> Exercise brief
Word for word, output every line of the material below, minus pictures.

> Provided data
[Start of section]
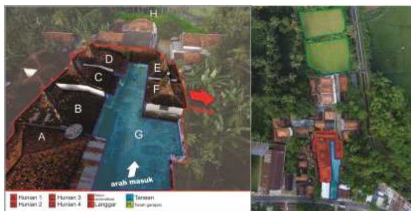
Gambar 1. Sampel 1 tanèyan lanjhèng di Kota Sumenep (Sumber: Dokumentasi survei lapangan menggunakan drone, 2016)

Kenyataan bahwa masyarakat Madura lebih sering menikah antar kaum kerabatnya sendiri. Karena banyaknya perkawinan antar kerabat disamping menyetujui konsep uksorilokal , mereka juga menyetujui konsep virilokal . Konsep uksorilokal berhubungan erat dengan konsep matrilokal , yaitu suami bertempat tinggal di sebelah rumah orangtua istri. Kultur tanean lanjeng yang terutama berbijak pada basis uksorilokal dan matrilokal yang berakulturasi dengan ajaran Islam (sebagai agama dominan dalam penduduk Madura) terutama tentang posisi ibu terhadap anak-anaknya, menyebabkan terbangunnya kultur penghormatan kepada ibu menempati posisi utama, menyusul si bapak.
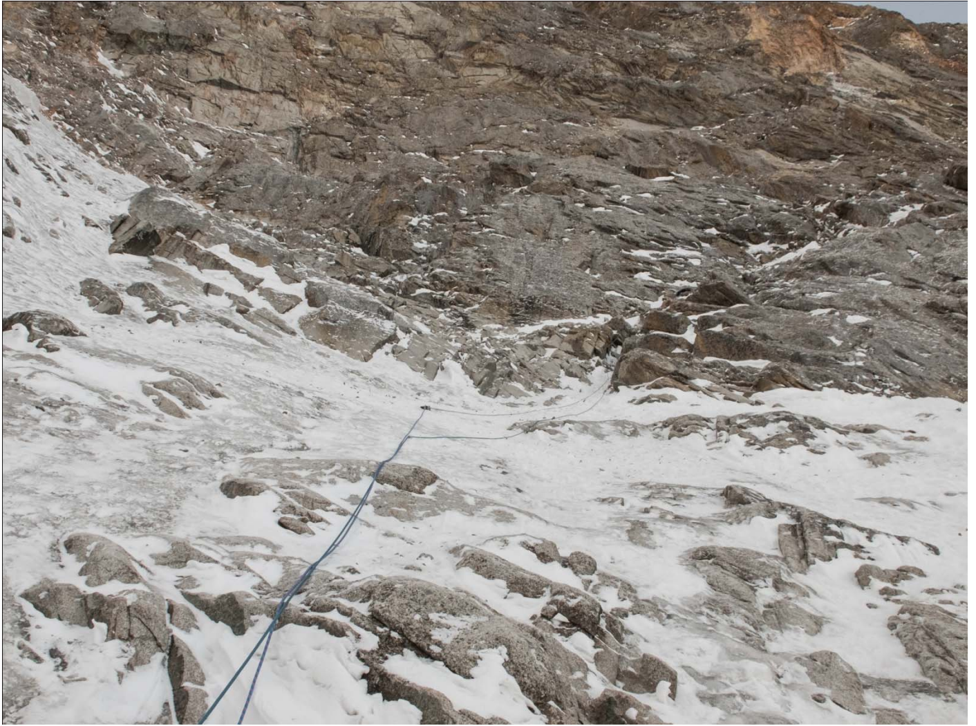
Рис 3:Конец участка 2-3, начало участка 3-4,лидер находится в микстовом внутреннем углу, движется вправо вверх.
[End of section]
> Response to this task
Gambar 1. Sampel 1 tanèyan lanjhèng di Kota Sumenep (Sumber: Dokumentasi survei lapangan menggunakan drone, 2016)

Kenyataan bahwa masyarakat Madura lebih sering menikah antar kaum kerabatnya sendiri. Karena banyaknya perkawinan antar kerabat disamping menyetujui konsep uksorilokal , mereka juga menyetujui konsep virilokal . Konsep uksorilokal berhubungan erat dengan konsep matrilokal , yaitu suami bertempat tinggal di sebelah rumah orangtua istri. Kultur tanean lanjeng yang terutama berbijak pada basis uksorilokal dan matrilokal yang berakulturasi dengan ajaran Islam (sebagai agama dominan dalam penduduk Madura) terutama tentang posisi ibu terhadap anak-anaknya, menyebabkan terbangunnya kultur penghormatan kepada ibu menempati posisi utama, menyusul si bapak.
Рис 3:Конец участка 2-3, начало участка 3-4,лидер находится в микстовом внутреннем углу, движется вправо вверх.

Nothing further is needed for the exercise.